The AP reports here that the circuit court judge has toured the premises of the rural hunting reserve at the center of a land use dispute in Nelson County.
Laurence Hammack from the Roanoke paper has this report ("Sighting in on the issue in right to hunt trial," 4/23/05), in which he (or some headline writer) notes that "Deciding whether shooting clay targets is hunting will require a judge to make distinctions as fine as No. 12 shot." Mr. Hammack offers this account of Judge Gamble's view of the property: "During the three-hour visit, a caravan of four-wheel-drive vehicles carried the judge and a small army of attorneys and journalists through creeks and across cornfields to tour the estate and witness shooting demonstrations by Barton, an Orion employee."

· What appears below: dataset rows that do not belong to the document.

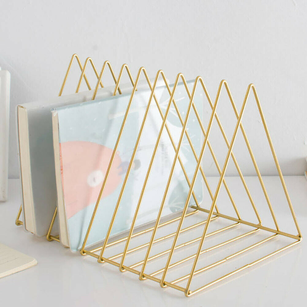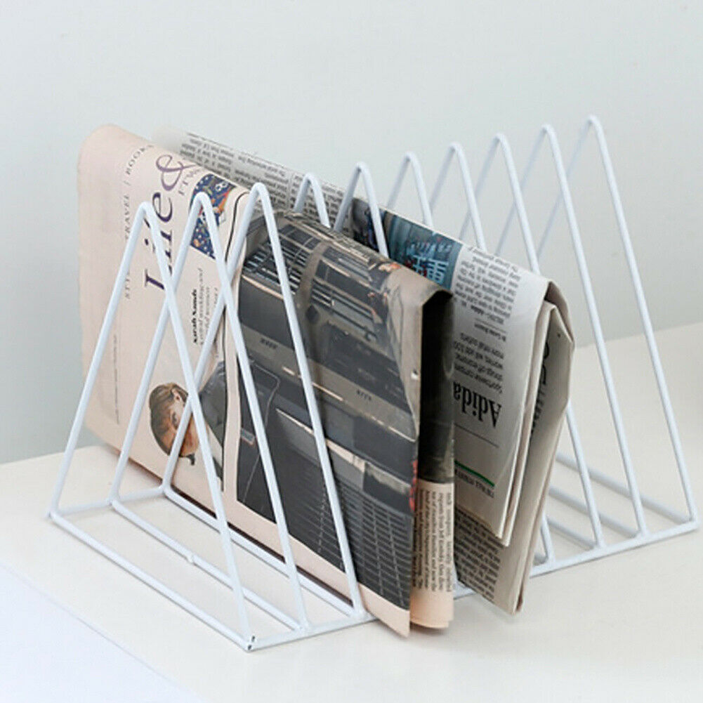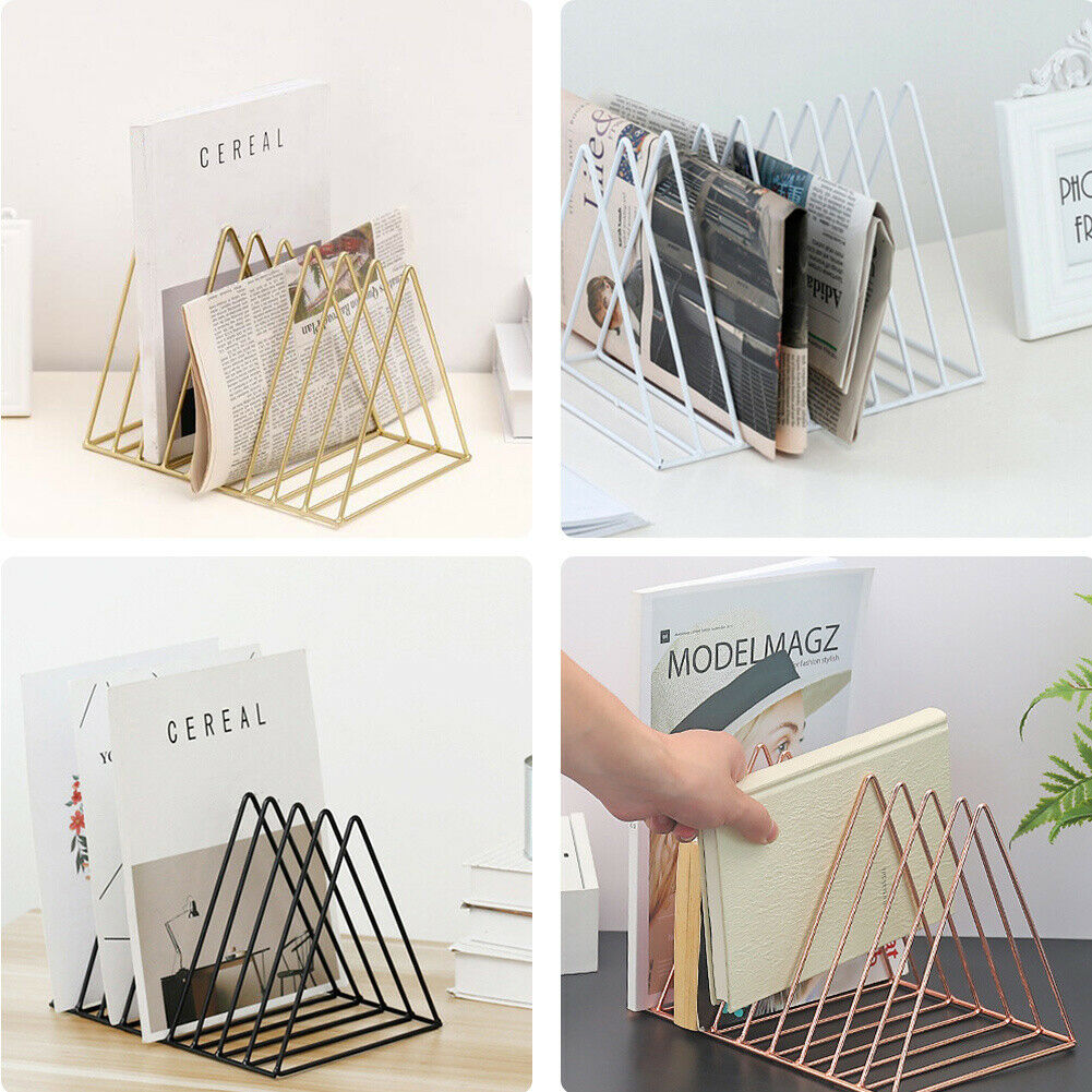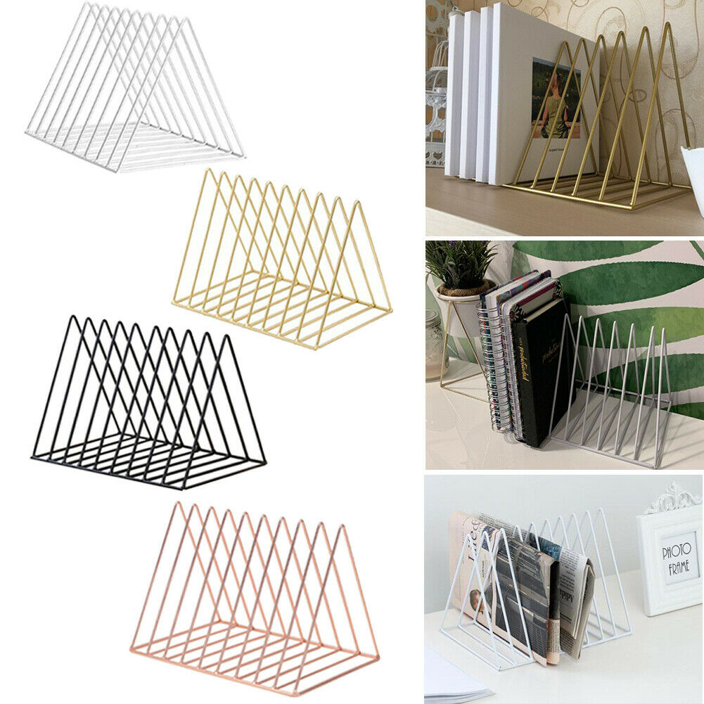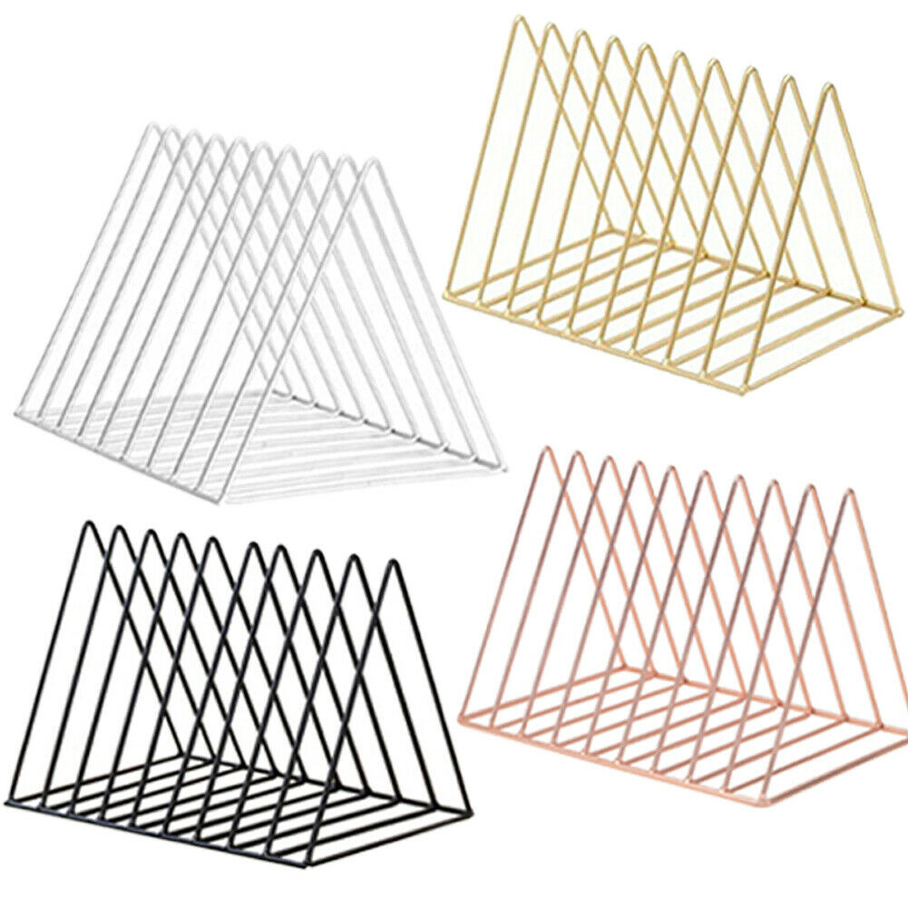 Simple Style Rose Gold Triangle Iron Wire Magazine Rack Black White Bookshelf UK
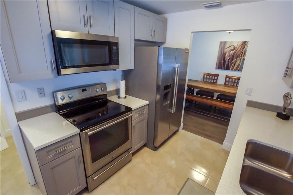A winning decision! Fabulous remodeled home. New kitchen w/wood soft close cabinets/drawers. New stainless steel appliances. Easy maint. Quartz counters! All new floors thru-out w/ porcelain tile in kitchen & baths. Updated baths. Smooth ceilings. 5.5" baseboard thru-out. Indoor laundry. Roof 2015! Newer a/c and WH. NO LAND LEASE. Huge 2-car wide stamped concrete driveway. Quiet street. Enjoy Leisureville's pools, clubhouse, community bus, free 9-hole golf course. Florida living at its finest. 55+ comm.
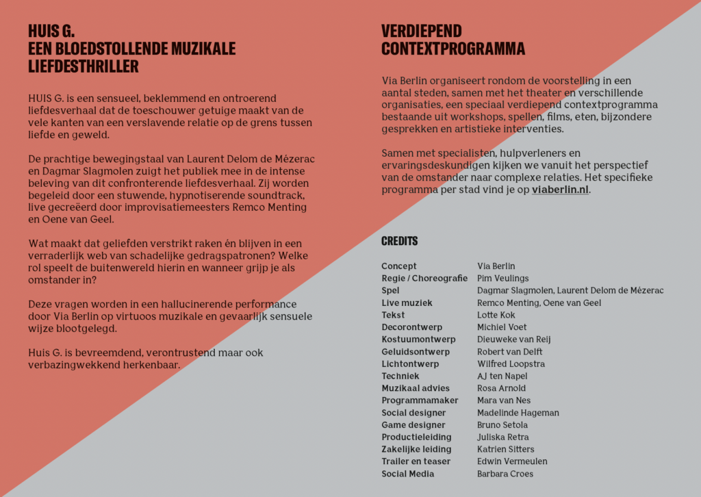 Via Berlin organiseert rondom de voorstelling samen met theaters en verschillende maatschappelijke organisaties (in Gouda, Nijmegen, Haarlem, Amsterdam en Alkmaar) een groter verdiepend contextprogramma bestaande uit workshops, een bijzonder spel, installaties, film, bijzondere gesprekken en artistieke interventies. Samen met publiek, specialisten, hulpverleners en ervaringsdeskundigen kijken we vanuit het perspectief van de omstander naar complexe relaties.

Carlos Santos from the Richmond paper has this report ("Judge takes to the fields in Nelson case," 4/23/05), which begins with this excellent sentence: "Judge Michael Gamble of Nelson County Circuit Court clambered over hill and dale via four-wheel-drive vehicle yesterday to watch shotgunners plug clay targets and live game birds in a quest to legally define the meaning of hunting."
Braxton Williams for the Charlottesville paper has this report ("Orion case takes to woods," 4/23/05), which begins: "A judge, a handful of lawyers wearing suits and hiking boots and a swarm of news reporters watched Freckles, a shaggy, dirt-caked English setter, as he sniffed through the brush in search of a pheasant."